Kimball Anderson, general counsel of Chicago-headquartered Winston & Strawn, whose remit extends across the full gamut of traditional in-house lawyer functions from negotiating mergers to defending the firm in litigation, agrees. ‘The job now involves anything that has to do with the law of lawyering,’ he says. ‘It is becoming an increasingly full-time role.’
Any law firm general counsel hoping to use the new role as a stepping stone to the top executive jobs of managing partner or chairman may be disappointed, however. Another finding of the Altman Weil survey is that the number of US law firm general counsel who sit on the governing committees boards of their firms has diminished rapidly, from 40% in 2004 to 28% in 2006. Firms are becoming more concerned that the advice given to management will not be protected by professional privilege if their general counsel is a member of the management board.
Instead, it seems that the role of law firm general counsel may become a career in its own right as the numbers grow and demand increases. There may also some opportunities to transfer the skills to a corporate setting in future, although the consensus is that there may not be much scope for traditional in-house counsel to move the other way. All of the general counsel currently working at the leading 100 US firms have been recruited from within (80% from the litigation practice). By consensus, one of the key attributes of law firm general counsel is an in-depth knowledge of the particular firm and the ability to gain the trust of the partnership.
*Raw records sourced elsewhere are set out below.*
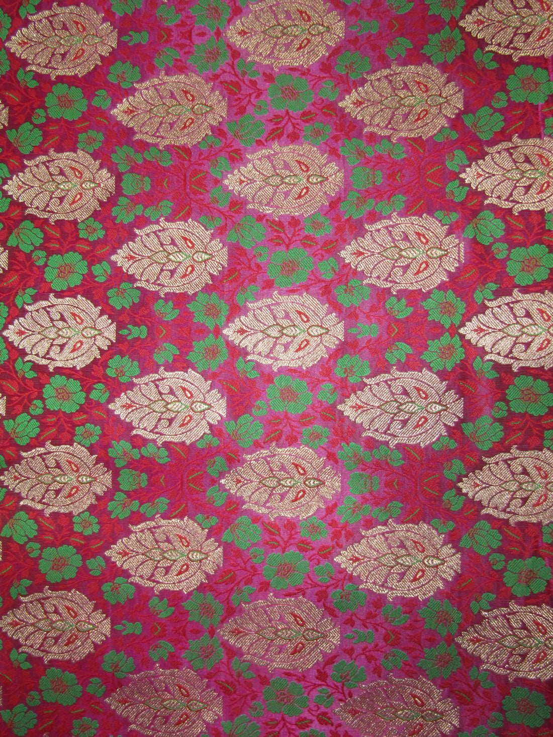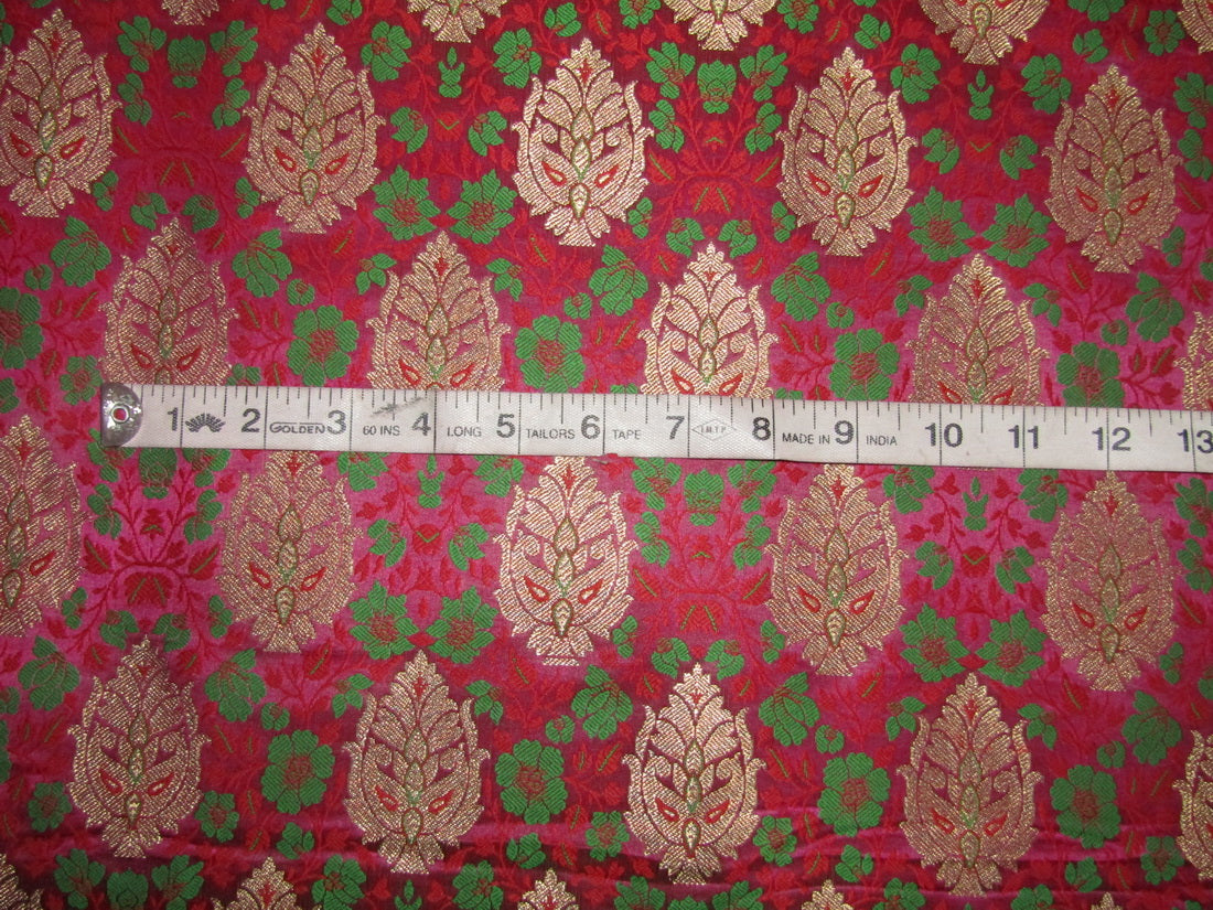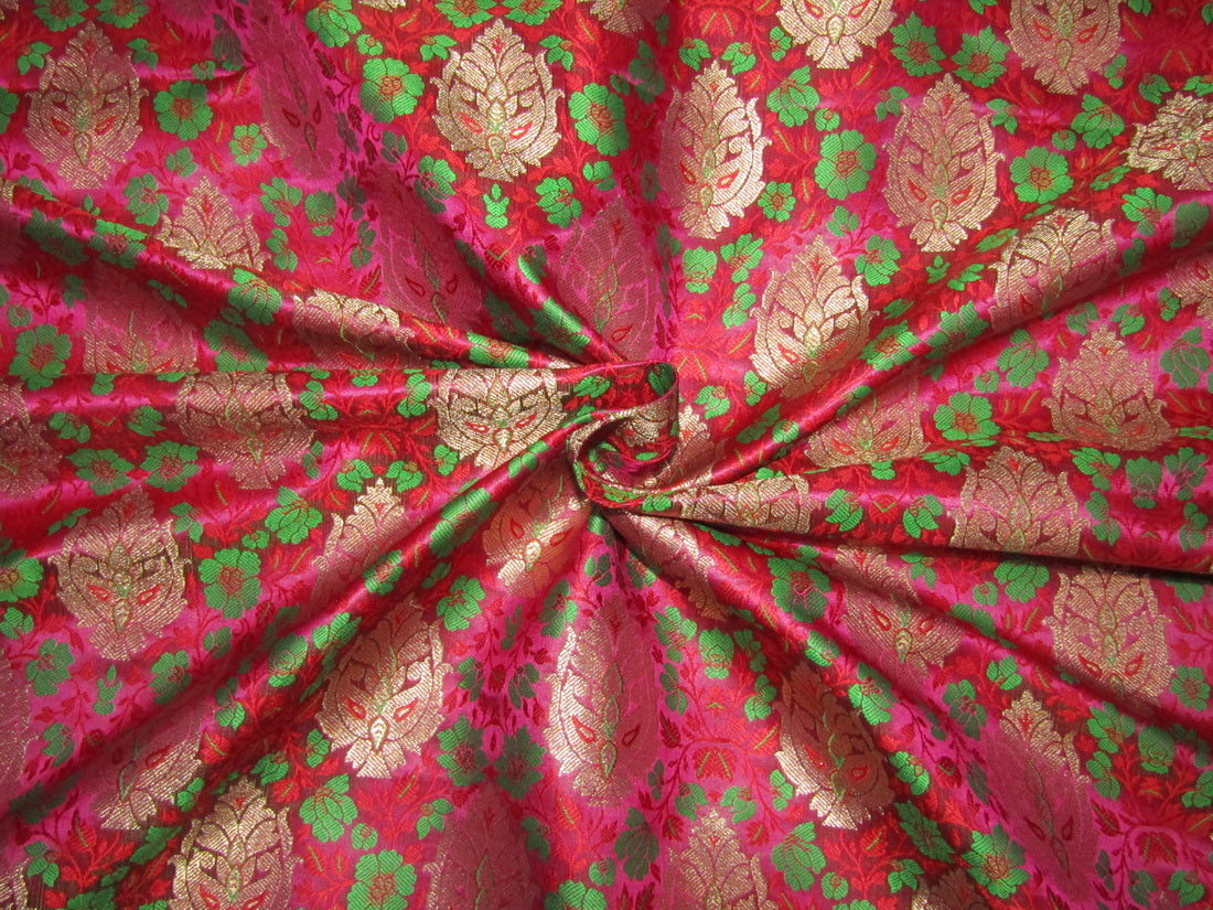 BROCADE jacquard FABRIC pink ,green x metalic gold COLOR 44" wide
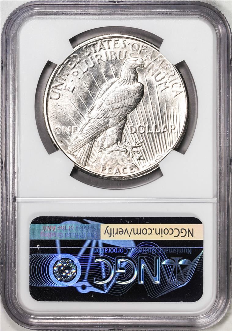 One 1934-S $1 Peace Silver Dollar Coin NGC Uncirculated Details, please note there is a small chip to the holder as shown in the pictures included with this lot. NGC Certified.
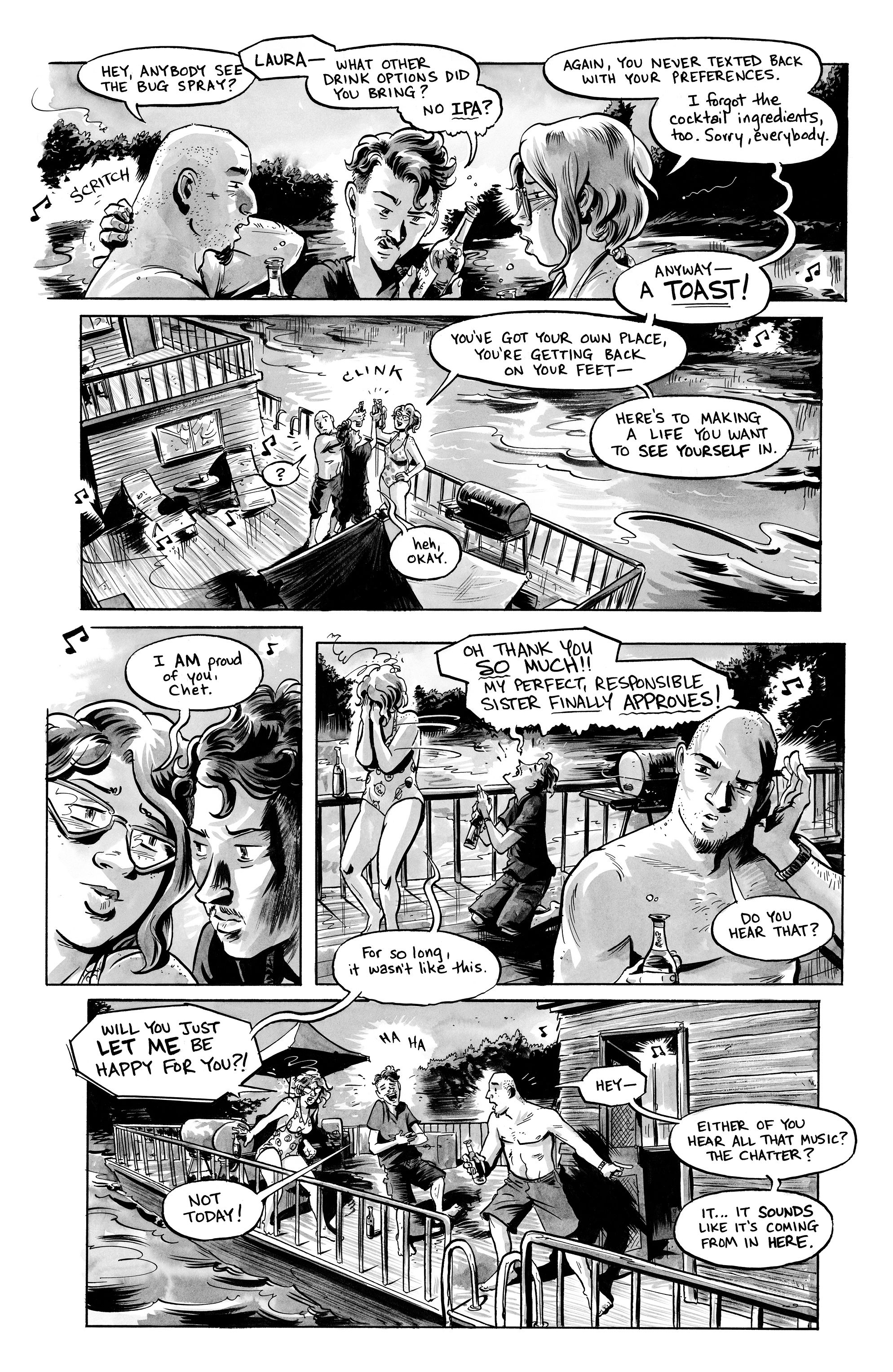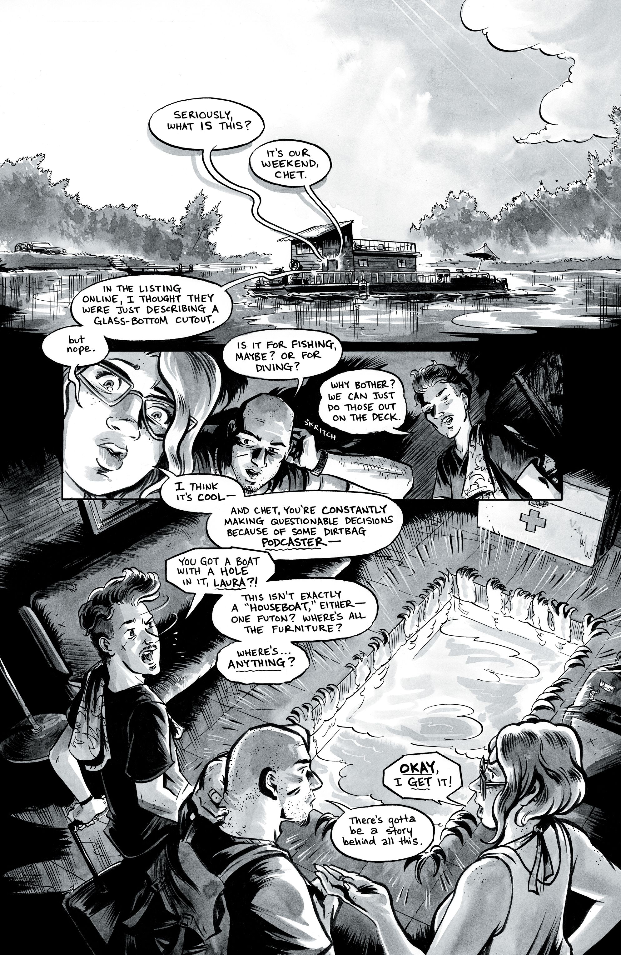 История начинается с прибытия трех человек на арендованный ими для поездки на выходные дом на воде: женатой пары и брата-близнеца жены, Чета.

Back on this side of the Atlantic, despite the slow take-up of the concept, the opportunities for partners to move into law firm general counsel roles are only likely to increase as firms continue to expand. ‘The need for a general counsel is a function of a law firm’s size and they will spread down the profession as firms get bigger,’ predicts management consultant Alan Hodgart.
One leading City firm that is already actively considering creating a general counsel role is Ashurst. ‘As the business gets larger and more complex, we are increasingly concerned that things could fall through the cracks,’ says senior partner Geoffrey Green.
The days of responsibility for professional ethics, risk management and professional indemnity issues being devolved to separate partners seem to be numbered. In future, it would appear, the world is likely to be too complicated a place to leave vital functions to the managing partner and a collection of gentleman amateurs, combining key risk and other management roles with their day jobs.
‘Conflict rules and regulation are getting more complicated,’ says Tony Williams of Jomati management consultants and a former managing partner of Clifford Chance. ‘Managing partners will still need to have an understanding of what is going on, but they need someone to look after the nuts and bolts.’